Do Druids Trick-or-Treat?
There are a great many things we “know” about the Halloween. We “know” that the Druids were the priests of the Celts. We “know” that Halloween was an ancient Celtic festival, where the Druids would go from house to house asking for sacrifices (the origins of “trick or treat”). We “know” that the Druids would take humans as sacrifices (hence the stories that modern Witches and Satanists will do the same). We “know” that the Druids held the Celts in awe and fear by reason of their power, until the advent of Christianity (hence St. Patrick’s confrontation with the Druids, as represented by his “driving the snakes from Ireland”). The problem with all that we “know” is that most, if not all, of it is wrong.
Most people assume that it was the Celts who started Halloween. It is quite true that there was an Irish festival called Samhain but this was not the name of a god in Celtic mythology; indeed, we cannot even be sure if Samhain was a religious festival as we envisage today.
In modern Irish Gaelic, the word Samhain simply means “The end of summer,” and refers to the harvest festivals that scholars speculate probably occurred at that time. We can imagine a joyful festival, rather like the modern Thanksgiving in America or the Harvest Home church festivals of the UK, or we can imagine dark rituals of sacrifice and divination, but the honest truth is that we do not know how, or even if, the Celts celebrated Samhain. No evidence survives, and the Celts left no written records, and if anyone definitively says that the Druids did this or the Celts did that for the festival of Samhain, they’re either speculating or lying outright.
Scholars are fairly certain that the Celts did not have a “unified” religion. The Gods of one tribe were called by different names than the Gods of other tribes, and though much speculation has been made about the role of the Druids in unifying the Celts, there is no archive or archaeological evidence to support this.

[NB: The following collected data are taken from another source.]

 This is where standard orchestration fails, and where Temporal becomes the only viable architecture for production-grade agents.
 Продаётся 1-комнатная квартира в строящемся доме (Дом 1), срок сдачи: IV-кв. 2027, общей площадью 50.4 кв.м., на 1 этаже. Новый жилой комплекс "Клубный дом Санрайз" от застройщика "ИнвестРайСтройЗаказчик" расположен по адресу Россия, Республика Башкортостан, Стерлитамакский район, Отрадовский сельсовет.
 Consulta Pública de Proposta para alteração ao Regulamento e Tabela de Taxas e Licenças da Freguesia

It must be understood that the Celts were not a single people: though they spoke similar languages, the Celts were over a hundred different tribes that usually got along almost as well as Liverpool and Millwall fans in the UK. Surviving Celtic literature—such as the Táin Bó Cúalnge  of Ireland, or The Mabinogion  of Wales—is rife with tales of raids, wars, and grudges nursed and passed on over generations. Additionally, contemporary authors—including Tacitus  and Julius Caesar —tell us that the Celts were just as likely to start a fight between themselves as they were to go to war against the Romans, or the neighbouring Germanic tribes. With this kind of reputation, it hardly seems that the Druids could have been an all-powerful force within the tribes as a group, though it is quite possible that they may have held considerable power within an individual tribe.

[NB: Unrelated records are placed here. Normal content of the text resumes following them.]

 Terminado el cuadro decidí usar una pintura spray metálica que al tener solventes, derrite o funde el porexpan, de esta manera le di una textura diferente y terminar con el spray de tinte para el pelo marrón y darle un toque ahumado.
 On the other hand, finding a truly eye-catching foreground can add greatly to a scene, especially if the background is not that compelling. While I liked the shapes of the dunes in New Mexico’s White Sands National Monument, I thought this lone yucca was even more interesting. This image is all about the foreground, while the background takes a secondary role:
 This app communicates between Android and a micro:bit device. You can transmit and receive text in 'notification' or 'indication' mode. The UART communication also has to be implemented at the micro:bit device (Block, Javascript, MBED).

What about human sacrifice?
At the time of writing, there is one archaeological find that contains sufficient evidence of ritual that has led archaeologists to suppose that he MIGHT have been a sacrifice—or might not have been one. Whilst other bodies have been found within the Celtic time period in contexts that have lead scholars to suggest they may have been murdered or had unusual burial rites performed upon them  this is a long way short of the quantities of bodies described by the Roman contemporary historians of that time. The famous “Lindow Man” also known to the press as ‘Pete Marsh’ was one of four bodies so far  discovered in a peat bog near Manchester in 1984, and while Drs. Ann Ross and Don Robins of the Institute of Archaeology at the University of London have published a popular book concerning this “Druidic Prince,” the fact of the matter remains that many of their arguments are based on weaving a cloak of supposition from a scant few threads of evidence. 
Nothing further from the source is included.